Le financement immobilier reçu par les promoteurs a plongé d'environ 19% en décembre par rapport à l'année précédente, la plus forte baisse en plus de sept ans, selon les calculs de Bloomberg basés sur les chiffres du gouvernement pour l'année complète publiés lundi. Les ventes de maisons en valeur ont diminué de 19,6 % en décembre par rapport à l'année précédente, une sixième baisse mensuelle consécutive, tandis que l'investissement immobilier a diminué de 14 %.
Selon les calculs de Bloomberg, au moins sept développeurs ont fait défaut sur des obligations en dollars depuis octobre. Cela inclut Evergrande, dont la crise a pris au piège le prêteur China Minsheng Banking , l'action bancaire la moins performante au monde. Guangzhou R&F Properties Co. a été déclassée en défaut restreint par Fitch Ratings la semaine dernière en raison de ce que la société de notation a appelé un échange de dette en difficulté.
Comme si cela ne suffisait pas, il reste le problème du marché obligataire gelé. Avec des rendements obligataires des promoteurs immobiliers à des niveaux stratosphériques, les sociétés immobilières chinoises doivent rembourser ou refinancer quelque 99 milliards de dollars d'obligations locales et offshore cette année. Un peu moins de la moitié de cette somme correspond à l'encours de la dette en dollars, selon les données compilées par Bloomberg.
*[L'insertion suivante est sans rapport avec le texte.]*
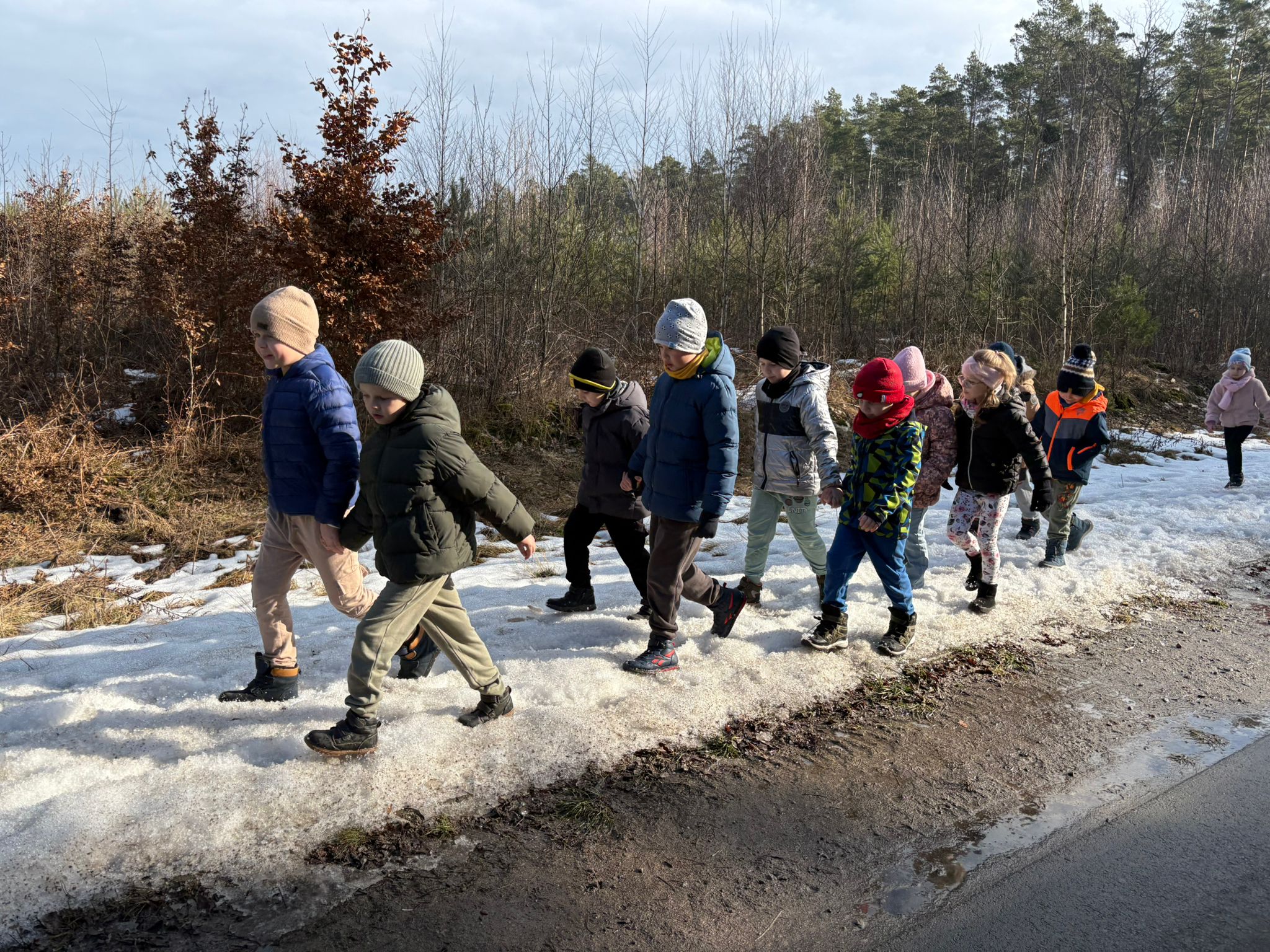 Grupy Misie i Pszczółki wybrały się na zajęcia edukacyjne do Nadleśnictwa w Skrwilnie. Podczas wizyty dzieci miały okazję uczestniczyć w spacerze ścieżką edukacyjną, gdzie mogły obserwować przyrodę oraz poznawać ciekawostki dotyczące lasu i jego mieszkańców.

Conclusion : autant que Pékin le voudra, il devra intervenir et renflouer non seulement les promoteurs immobiliers, mais l'ensemble des marchés du logement, où les transactions se sont effondrées et la confiance s'est évaporée. Et pour ce faire, la Chine devra assouplir les conditions financières de manière beaucoup plus agressive qu'elle ne l'a fait jusqu'à présent - oui, Pékin a réduit ses taux du jour au lendemain pour la première fois depuis 2020, mais cette étape est loin d'être suffisante. Pour éviter une dépression totale, Pékin devra faire beaucoup, beaucoup plus... et pas seulement la Chine mais aussi le reste des banques centrales du monde. C'est pourquoi tous ceux qui croient que l'euphorie actuelle du resserrement durera plus de quelques mois, eh bien nous avons un pont à Wuhan que nous aimerions vous vendre.